The inner bracket approaches \(e\), and the outer exponent \(-3/n \to 0\). So we get \(e^0 = 1\). Same answer, confirmed.

A Tricky Product Limit

Example 3: Find \(\displaystyle\lim_{n \to \infty}\left(1 + \frac{1}{2n}\right)^{2n^2}\left(1 - \frac{1}{3n}\right)^{3n^2}\).

This is a product of two terms, each in the \(1^\infty\) indeterminate form. A natural first thought is to force each into the \(e\)-definition:

\[\left(1 + \frac{1}{2n}\right)^{2n} \to e \quad \text{and} \quad \left(1 - \frac{1}{3n}\right)^{3n} \to e^{-1}\]

But the actual exponents are \(2n^2\) and \(3n^2\), not \(2n\) and \(3n\). We can rewrite the first factor as:

\[\left[\left(1 + \frac{1}{2n}\right)^{2n}\right]^{n} \to e^n \to \infty\]

and the second as:

\[\left[\left(1 - \frac{1}{3n}\right)^{3n}\right]^{n} \to e^{-n} \to 0\]

So we get \(\infty \cdot 0\), an indeterminate form. We need a more careful approach.

Why binomial expansion fails here: If you try to expand \((1 + 1/(2n))^{2n^2}\) using the binomial theorem, the coefficients \(\binom{2n^2}{k}\) contain powers of \(n\) in the numerator that cancel with the powers of \(1/(2n)\) in the denominator. The terms do not shrink based on powers of \(1/n\) – they shrink based on \(1/k!\). This means you cannot truncate to a few terms; you need infinitely many to capture the limit.

The logarithm technique works: Set \(L\) equal to the limit and take the log:

\[\ln L = \lim_{n \to \infty}\left[2n^2 \ln\left(1 + \frac{1}{2n}\right) + 3n^2 \ln\left(1 - \frac{1}{3n}\right)\right]\]

Now expand each logarithm using \(\ln(1+u) = u - \frac{u^2}{2} + \frac{u^3}{3} - \cdots\):

\[\ln\left(1 + \frac{1}{2n}\right) = \frac{1}{2n} - \frac{1}{8n^2} + \cdots\]

\[\ln\left(1 - \frac{1}{3n}\right) = -\frac{1}{3n} - \frac{1}{18n^2} - \cdots\]

Multiplying through:

\[2n^2 \cdot \ln\left(1 + \frac{1}{2n}\right) = 2n^2\left(\frac{1}{2n} - \frac{1}{8n^2} + \cdots\right) = n - \frac{1}{4} + \cdots\]

\[3n^2 \cdot \ln\left(1 - \frac{1}{3n}\right) = 3n^2\left(-\frac{1}{3n} - \frac{1}{18n^2} - \cdots\right) = -n - \frac{1}{6} + \cdots\]

Adding them together:

\[\ln L = \left(n - \frac{1}{4} + \cdots\right) + \left(-n - \frac{1}{6} + \cdots\right) = -\frac{1}{4} - \frac{1}{6} + \cdots = -\frac{5}{12}\]

The \(n\) terms cancel (as expected), and the higher-order terms vanish.

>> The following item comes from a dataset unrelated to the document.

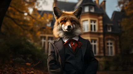 un renard futé anthropomorphique, comme un agent immobilier devant une maison bourgeoise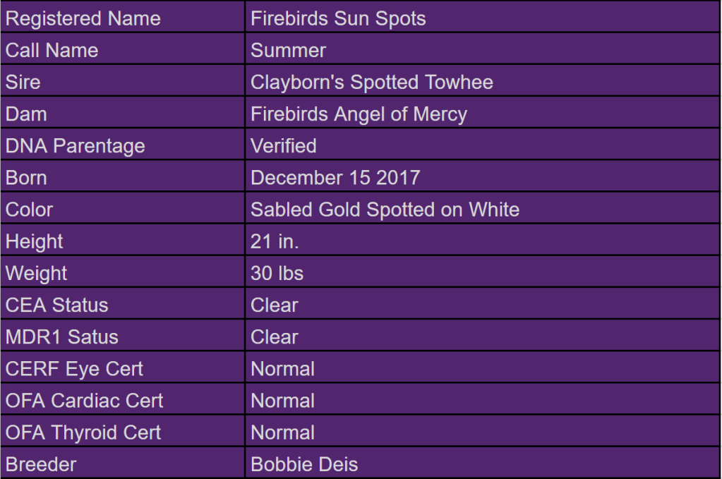 Summer was born December 15, 2017. She is from our Seeing Spots Litter

Therefore:

\[\boxed{L = e^{-5/12}}\]

This is a beautiful result – a number between 0 and 1 that you could never guess without the technique.

Explore – watch the product converge as \(n\) grows:

Increase \(n\) with the slider and watch the green dot converge to \(e^{-5/12} \approx 0.659\).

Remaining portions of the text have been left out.